Keywords: Minimally invasive, Platelet-rich Fibrin, recession, root coverage

How to cite this article:
Tuttle D, Kurtzman GM, Froum SH. Platelet-rich fibrin minimally invasive root recession soft-tissue grafting. Int J Growth Factors Stem Cells Dent 2018;1:32-7

How to cite this URL:
Tuttle D, Kurtzman GM, Froum SH. Platelet-rich fibrin minimally invasive root recession soft-tissue grafting. Int J Growth Factors Stem Cells Dent [serial online] 2018 [cited 2023 Jun 9];1:32-7. Available from: https://www.cellsindentistry.org/text.asp?2018/1/1/32/228977

  Introduction Top

A commonly encountered problem is root recession. Recession presents both as an esthetic issue and exposed root surfaces may illicit sensitivity with a greater caries potential than unexposed roots. Patients often avoid recession treatment due to fear related to the traditional approach requiring flap surgery. Treatment has evolved to minimally invasive surgical techniques, allowing lower morbidity and postoperative discomfort. This article will introduce “The Gum Drop Technique” (GDT), a new soft-tissue grafting technique combining minimally invasive incisions with patient blood derivatives to achieve stable root coverage.

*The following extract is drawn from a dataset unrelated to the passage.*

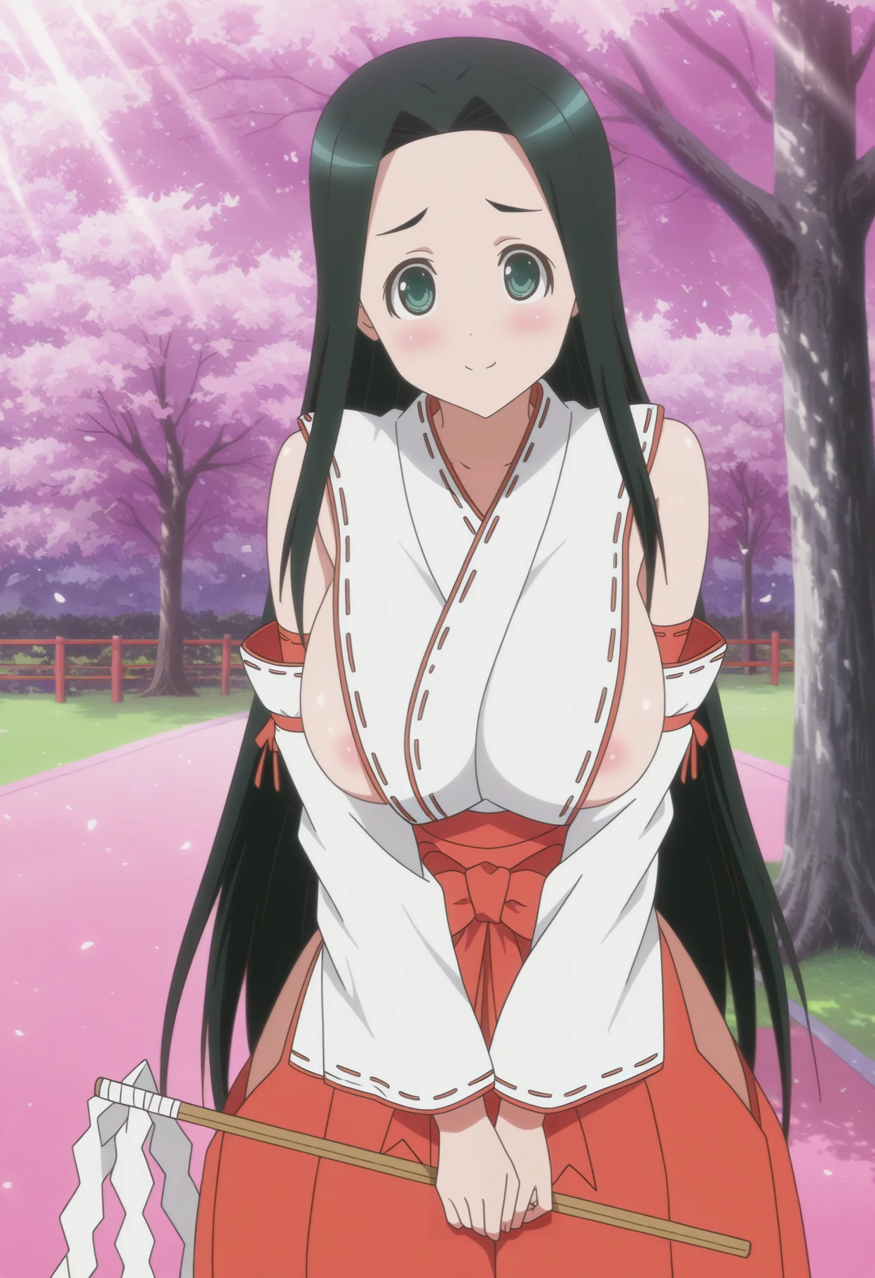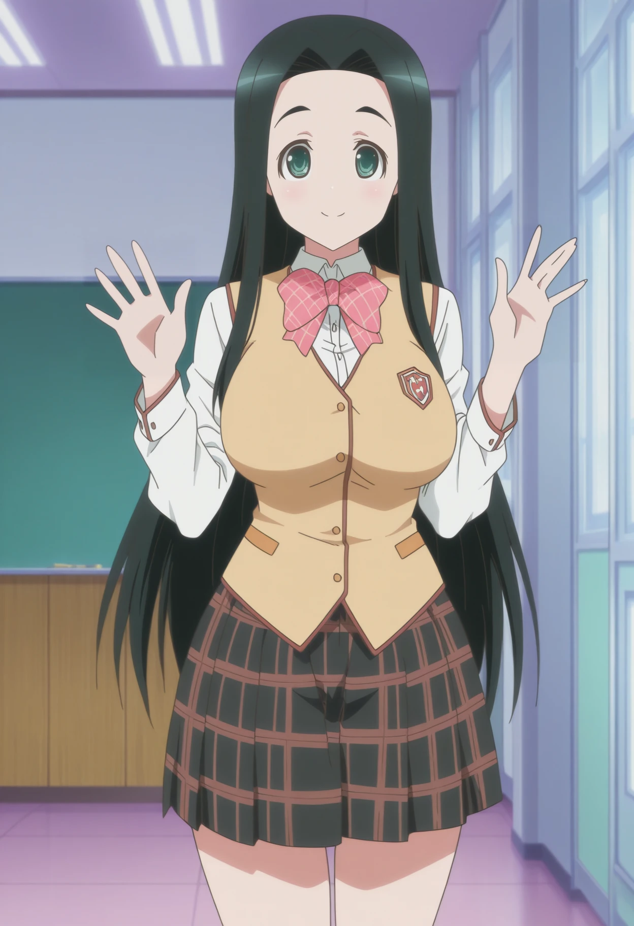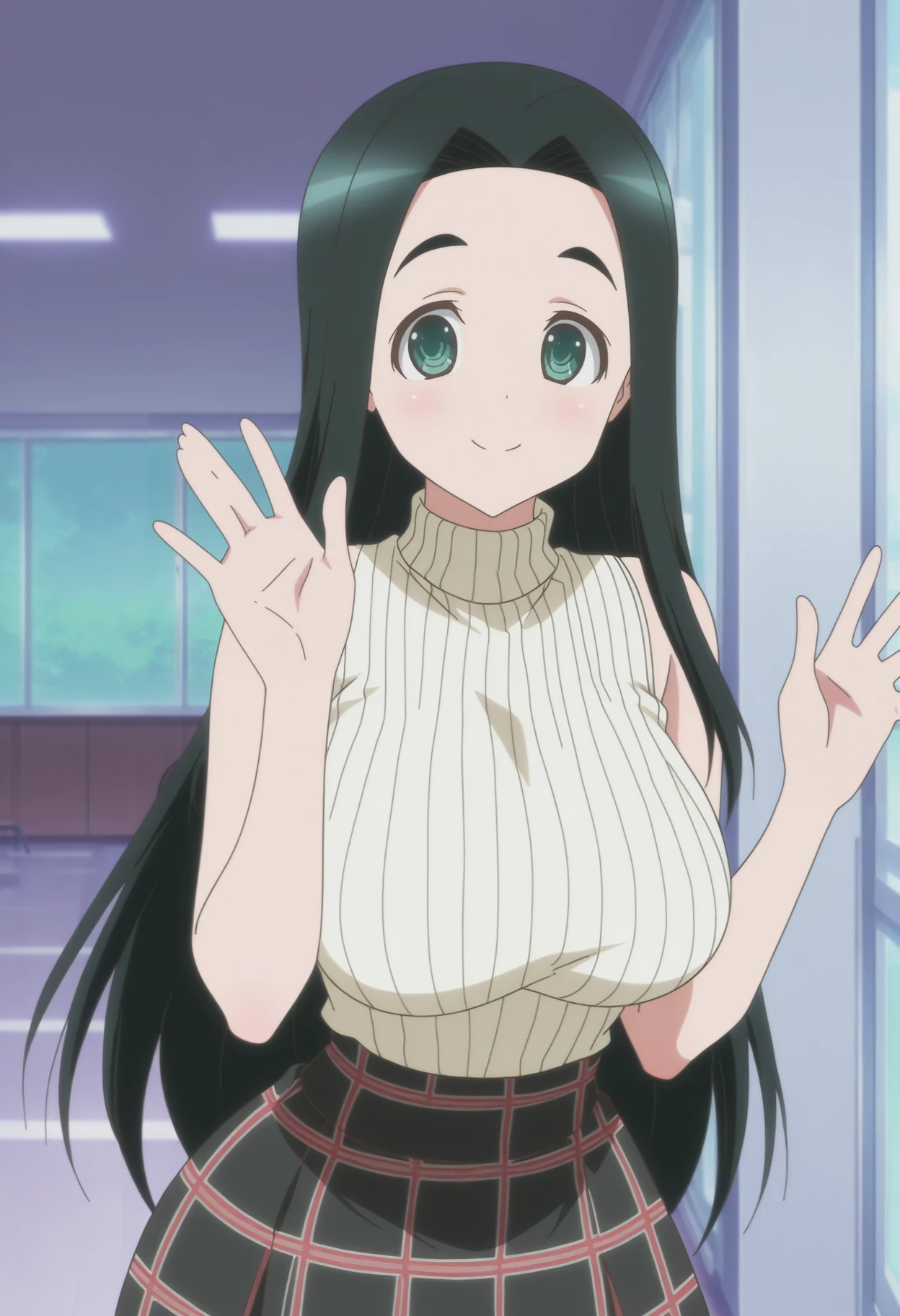 black hair, long hair, green eyes

Root coverage procedures have been described in the literature with varying degrees of success. Miller in the early 1980s [1],[2] discussed the use of free gingival autografting. Numerous authors expounded on this including Matter,[3] Marggraf,[4] McGuire,[5] Laney et al.,[6] and others, discussing various flap techniques to achieve desired root coverage. As less invasive techniques were sought, modifications were utilized and the “tunnel” technique was reported by Mahn in 2001,[7] utilizing smaller incisions with placement of acellular connective tissue to bulk the tissue out, allowing coronal placement to cover the receded root surfaces. These techniques allowed avoidance of collecting donor connective tissue intraorally.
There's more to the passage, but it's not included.